Les phases de montée en maturation sont courtes. Le grand groupe doit donc se mettre en capacité de permettre aux start-up d’adapter rapidement leur projet à ses activités. Au sein de Catalyst, les start-up ont 10 semaines pour adapter leurs solutions aux contraintes des entités opérationnelles de la Société Générale. Dans 70 % des cas, elles réussissent la transformation et commercialisent leurs solutions avec l’entreprise.

L’open lab installe une relation dans la durée

Ces bons résultats s’expliquent surtout par le travail de l’open lab. Pour permettre cette réactivité, le grand groupe doit savoir décider rapidement et réaliser un gros travail de préparation. En amont, l’open lab doit identifier les sujets d’intérêts majeurs des unités opérationnelles pour s’engager dans une collaboration avec une start-up et clarifier les besoins exprimés par les entités opérationnelles.

Une fois les thématiques définies, le travail de préparation peut durer jusqu’à 6 mois pour que les entités opérationnelles et l’open lab identifient des scénarios, des jeux de tests et des données à transmettre aux start-up. Ensuite, les start-up sont sélectionnées par itérations entre les entités de l’entreprise et l’open lab. Dans la suite des travaux, l’open lab va orchestrer les relations entre la start-up et les autres entités du groupe. Ces dernières restent toujours impliquées dans l’adaptation de la solution entrepreneuriale aux besoins internes.

Les open labs ne sont pas seulement en charge de construire des modèles flexibles de collaboration. Ils apportent aussi une réponse concrète sur la relation dans la durée entre la start-up et la grande entreprise. Deux options sont envisageables : se faire racheter par le grand groupe opérant l’open lab, ou travailler en synergie avec lui dans son écosystème.

Deux leviers sont disponibles ici. Le premier passe par le développement de la fonction d’investisseur. L’open lab installe clairement les collaborations dans une stratégie de rachat en cas de succès. C’est l’option retenue par l’Accelerator de Microsoft à Shanghai. Parfois, la fonction investisseur se gère dans un cadre plus large, quand l’entreprise présente les start-up à son réseau de financeurs.

Le second vise à faire de la start-up un sous traitant de l’entreprise. Ce faisant, les start-up excluent la possibilité de travailler avec les concurrents directs du grand groupe. C’est le choix retenu par les open labs mis en place par la Société Générale et SAP. Les règles de propriété intellectuelle sont alors définies dans cette logique.

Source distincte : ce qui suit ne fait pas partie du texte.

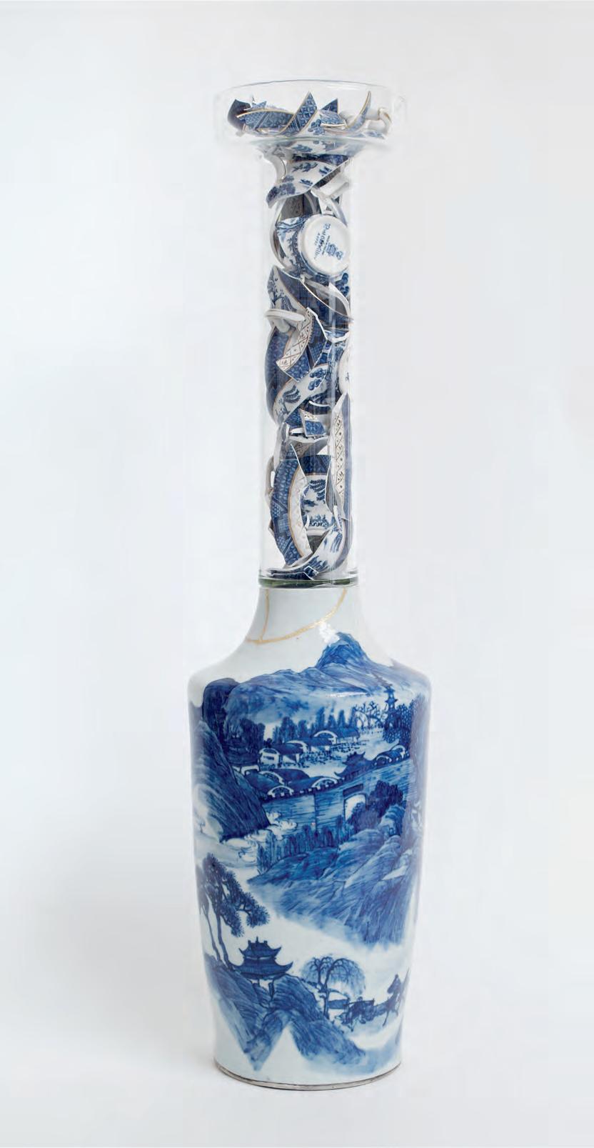 Having left the world of fashion and retrained as a conservator, de Vries spent many years carefully restoring broken ceramics. As he recounted his story to me, it seemed that he had fallen into restoration by accident – much as he had into his earlier vocation of textile design. Yet these accidents, which echo the cracks and damage de Vries celebrates in his work, appear to be soldered to both his life and his art. As he became increasingly fascinated by the imperfections through which makers’ mistakes bear witness to human interventions in the act of creation, de Vries felt a growing desire to express his own artistic voice. ‘As a restorer, there’s a lot of airbrushing and covering up, but I’ve always thought’, explains de Vries, ‘that the mistakes in handmade objects are what make them fascinating. This is why my artistic practice is no longer about restoration: I want to celebrate these pieces in their brokenness.’ Taken as a springboard for his creative expression, accidents become, for de Vries, mementos left by those who created, used, damaged or restored objects – traces that, when considered together, should be understood as memories to seek out and celebrate. For de Vries, these traces are what distinguish artefacts from mere commodities; they are what bestow meaning and value upon them.
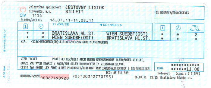 Также действителен для маршрутов через Gänserndorf или Kittsee [всего есть три маршрута ж/д-сообщения между Братиславой и Веной], от/до всех ж/д-станций в Вене/Братиславе.
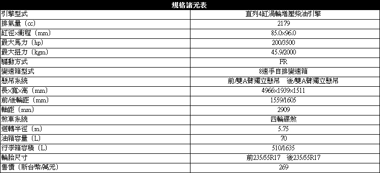 ▲旅行車XF比起轎車,最大馬力多出10ps最大馬力達到200ps/3500rpm。
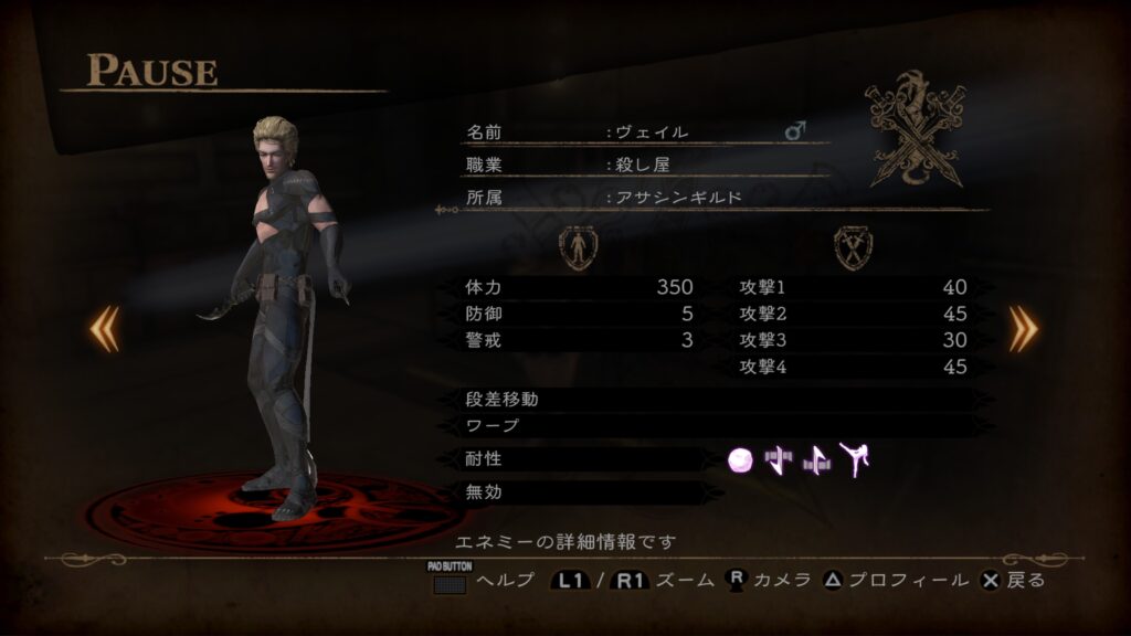新しい職業、アサシンの敵が登場しました。画像のヴェイルはボスなので特別強いですが、アサシンという職自体がかなり厄介な気がします。
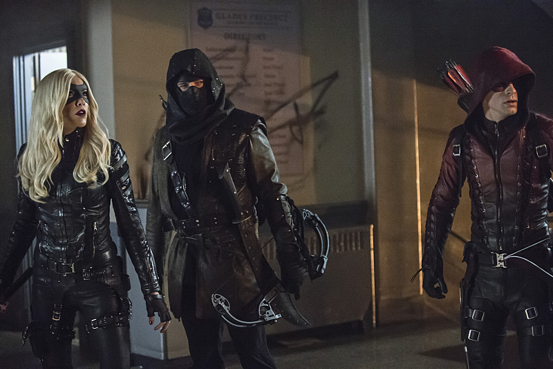 Arrow -- "Uprising" -- Image AR312A_0294b -- Pictured (L-R): Katie Cassidy as Black Canary, John Barrowman as Malcolm Merlyn and Colton Haynes as Arsenal -- Photo: Cate Cameron/The CW -- © 2015 The CW Network, LLC. All Rights Reserved.
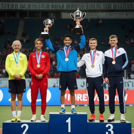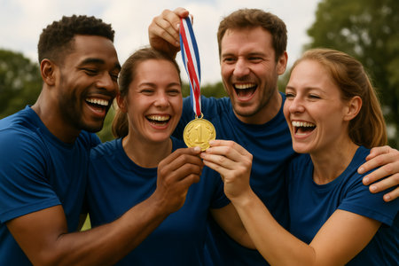 A group of athletes joyfully display their medals after a competition, basking in golden sunlight. The blurred background and cinematic tone enhance the emotional energy of the moment.
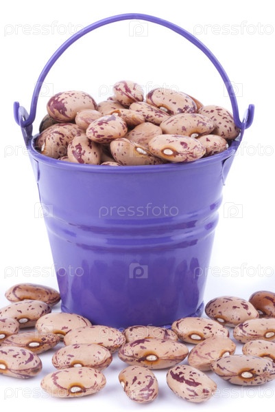 Железное ведро с фасолью на белом фоне
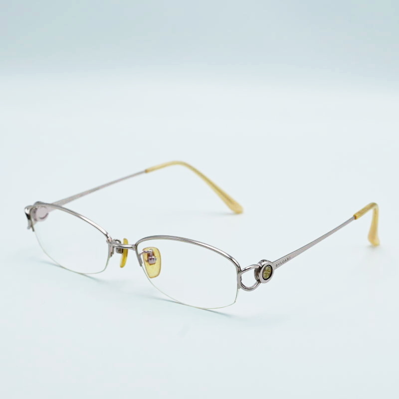 > T01-k011 BVLGARI ブルガリ サイドメレダイヤ ハーフリム メタルメガネ 度入り 2065TG
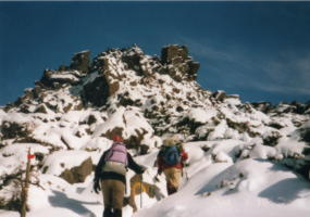 初心者向けの雪山で、北横岳〜三ツ岳〜雨池山を周るコースが面白い。ヒュッテからこの付近まで、積雪のない時期は大きな石がゴロゴロしていて歩きづらい。 |

Un outil de gestion des écosystèmes

SAP Startup Studio précise en amont de la collaboration que les start-up resteront les propriétaires de leurs solutions mais que les améliorations apportées au cours de l’accélération seront principalement appliquées dans le cadre d’accords de commercialisation avec l’entreprise. Ces règles sont ensuite affinées au cas par cas si les acteurs décident de poursuivre la relation. Les open labs proposent un cadre clair à la start-up et conservent des options ouvertes pour s’adapter au degré d’intégration de la solution technique de la start-up dans l’offre commerciale du grand groupe.

Présentation du SAP Startup Studio (YourStory, 2017).

Catalyst de la Société Générale prévoit un dispositif encore plus souple. Toute amélioration de la solution proposée par la start-up durant la phase d’accélération reste la propriété de la start-up. À l’issue de la montée en maturation, la start-up peut décider de commercialiser sa solution avec l’entreprise de son choix si la Société Générale ne prend pas de décision de commercialisation assez vite ou si la start-up trouve des conditions d’exploitation plus intéressantes avec d’autres opérateurs, y compris chez les concurrents de la Société Générale. Tout dépend de la capacité du grand groupe à être réactif et attractif dans sa prise de décision.

Pour les grandes entreprises, l’innovation ouverte n’est donc pas seulement un moyen de repenser la génération des idées. Elle représente aussi un outil de gestion des écosystèmes d’innovation dans des pays à fort potentiel de compétence. Elle donne aussi un moyen de redéfinir le périmètre du réseau de sous-traitance.